I fed 24 years of my blog posts to a Markov model

Markov Models vs LLMs

  • Large part of the thread argues over whether LLMs “are” Markov chains.
  • One side: in the strict mathematical sense, any process whose next output depends only on the current state is Markov; if you define the state as “entire current token sequence,” an LLM fits. Implementation (lookup table vs transformer) doesn’t matter.
  • The other side: that definition is vacuous. Classic Markov chains in NLP have fixed, low order k (e.g., n‑grams) and stationary transition probabilities. LLMs:
    • Condition on long, variable-length prefixes within a window.
    • Use content-dependent attention, not a fixed k-context.
    • Generalize to unseen sequences via shared parameters, unlike lookup tables.
  • Distinction is drawn between “Markov chain” (fixed finite order, visible state, stationary) and more general “Markov models” (state can be richer, possibly hidden, RNN-like).
  • Some argue that calling LLMs “Markov” in the broadest sense makes the term useless, since nearly any sequential system could then qualify.

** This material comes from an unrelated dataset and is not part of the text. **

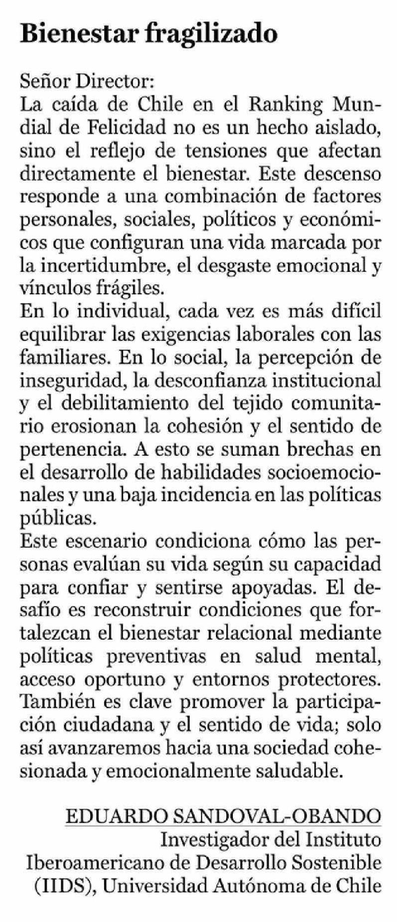 Cartas: Bienestar fragilizado

Limits of Markov Text Generation

  • Multiple people confirm the original article’s observation:
    • Low-order (character or bigram/trigram) models are incoherent.
    • Higher order quickly degenerates into copying large chunks verbatim because many n‑grams are unique.
  • BPE-token Markov experiments show that order‑2 over full BPE leads to deterministic reproduction of the training text; limiting vocabulary size reintroduces variability.
  • Suggestions to avoid verbatim “valleys”:
    • Variable/dynamic n-gram: fall back to lower order when only a single continuation exists.
    • Use mixed orders and backtracking when the chain gets stuck in long deterministic runs.

Tools, Experiments, and History

  • Many reminisce about IRC and chatroom Markov bots and tools like MegaHAL, Hailo (Perl), Babble (MS‑DOS), and modern web/CLI generators.
  • People describe using personal corpora (blogs, fiction, tweets, Trump tweets) for bots or creative “dream wells” to spark ideas, not to generate standalone prose.
  • References shared to n‑gram work (e.g., very large Google n‑grams), CS50’s Markov demo, and classic neural language modeling papers explaining sparsity and distributional representations.

Personalization and Digital Doppelgängers

  • Some speculate about training models on a lifetime of writings to create a “low‑resolution mirror” of one’s personality for descendants.
  • Others ask how to achieve this today with LLMs (prompt stuffing, vector DBs, fine-tuning/LoRA, commercial “custom model” tools) and how far it can go (phone/Discord agents, naturalness, domain limits).

Community Norms Around LLM Content

  • There is pushback against pasting or offering to paste ChatGPT transcripts into discussions, viewed as low-effort and redundant since everyone can query models themselves.
  • A few commenters lament a perceived decline in civility around LLM-related posts.